Nah I get where you're coming from mate, like Phil Heath and Flex look nicer with the size rather than Dorian and Ruhl for example.

Dorian was ridiculous though:


----------



## Sambuca (Jul 25, 2012)

Chelsea said:


> Nah I get where you're coming from mate, like Phil Heath and Flex look nicer with the size rather than Dorian and Ruhl for example.
> 
> Dorian was ridiculous though:
> 
> ...


ruhl off season weight 322lbs&#8230;. LOL mental


----------



## Bad Alan (Dec 30, 2010)

Chelsea said:


> Ronnie Coleman...........thread closed, he is and always will be the greatest bodybuilder of all time.
> 
> Arnold did amazing things for the sport but I wouldn't consider him the greatest bodybuilder.


They may not like him but I also agree this point cannot be argued by anyone.

Brought a whole new level that I don't see being surpassed anytime soon.


----------



## Heath (Mar 3, 2011)

Surely going on achievements it would be Yates.

Otherwise it's down to personal preference and I preferred the more classic look from Steve Reeves.


----------



## Bad Alan (Dec 30, 2010)

Heath said:


> Surely going on achievements it would be Yates.
> 
> Otherwise it's down to personal preference and I preferred the more classic look from Steve Reeves.


If it's on record then it's Ronnie or Haney surely?

If it's opinion then each to there own


----------



## Chelsea (Sep 19, 2009)

Bad Alan said:


> They may not like him but I also agree this point cannot be argued by anyone.
> 
> Brought a whole new level that I don't see being surpassed anytime soon.


Agree  I don't think we will ever see anyone close to what Ronnie brought to the stage, even Kai would be well beaten by Ronnie in his prime.



Heath said:


> Surely going on achievements it would be Yates.
> 
> Otherwise it's down to personal preference and I preferred the more classic look from Steve Reeves.
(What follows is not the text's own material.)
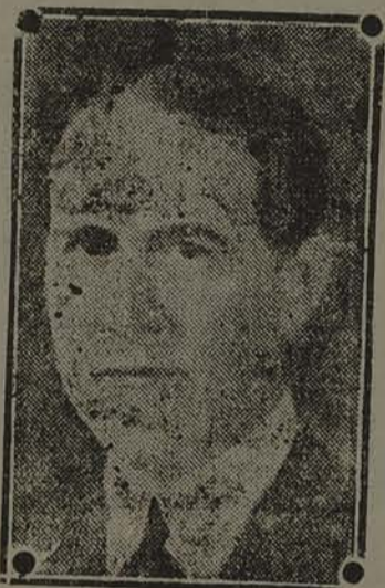
MINISTRO OSVALDO ARANHA

Interrogado sobre a anunciada Liga das Nações Americanas, respondeu o sr. Osvaldo Aranha que não percebia o lado pratico de tal liga.

Dorian won 6 Olympia's and Ronnie won 8.



Bad Alan said:


> If it's on record then it's Ronnie or Haney surely?
> 
> If it's opinion then each to there own


Yep and still Ronnie takes it


----------



## humble_guy (Oct 14, 2013)

*ARNOLD*


----------



## Kazza61 (Jun 14, 2008)

Because bodybuilding achievment continues to advance (it hasn't as yet plateaued and likely never will) this question can only be about a moment in time. If you had asked this question in the early 1900s the answer would likely have been Eugen Sandow. In the 1950s Steve Reeves. In the 1970s Arnold. And so on. It really isn't a fair test to compare Arnold with Yates or Heath. Given a truly level playing field, can we actually say who would have been the best? We can actually only the answer the question who has been the best for their time time or the best 'so far'. Not the best of 'all time' - because in 5 years time there will be someone else who has pushed the limits that bit further. Or there will if I can be bothered to get out of bed and go and triain this morning.........


----------



## massmuscle (May 29, 2013)

Kazza61 said:


> Because bodybuilding achievment continues to advance (it hasn't as yet plateaued and likely never will) this question can only be about a moment in time. If you had asked this question in the early 1900s the answer would likely have been Eugen Sandow. In the 1950s Steve Reeves. In the 1970s Arnold. And so on. It really isn't a fair test to compare Arnold with Yates or Heath. Given a truly level playing field, can we actually say who would have been the best? We can actually only the answer the question who has been the best for their time time or the best 'so far'. Not the best of 'all time' - because in 5 years time there will be someone else who has pushed the limits that bit further. Or there will if I can be bothered to get out of bed and go and triain this morning.........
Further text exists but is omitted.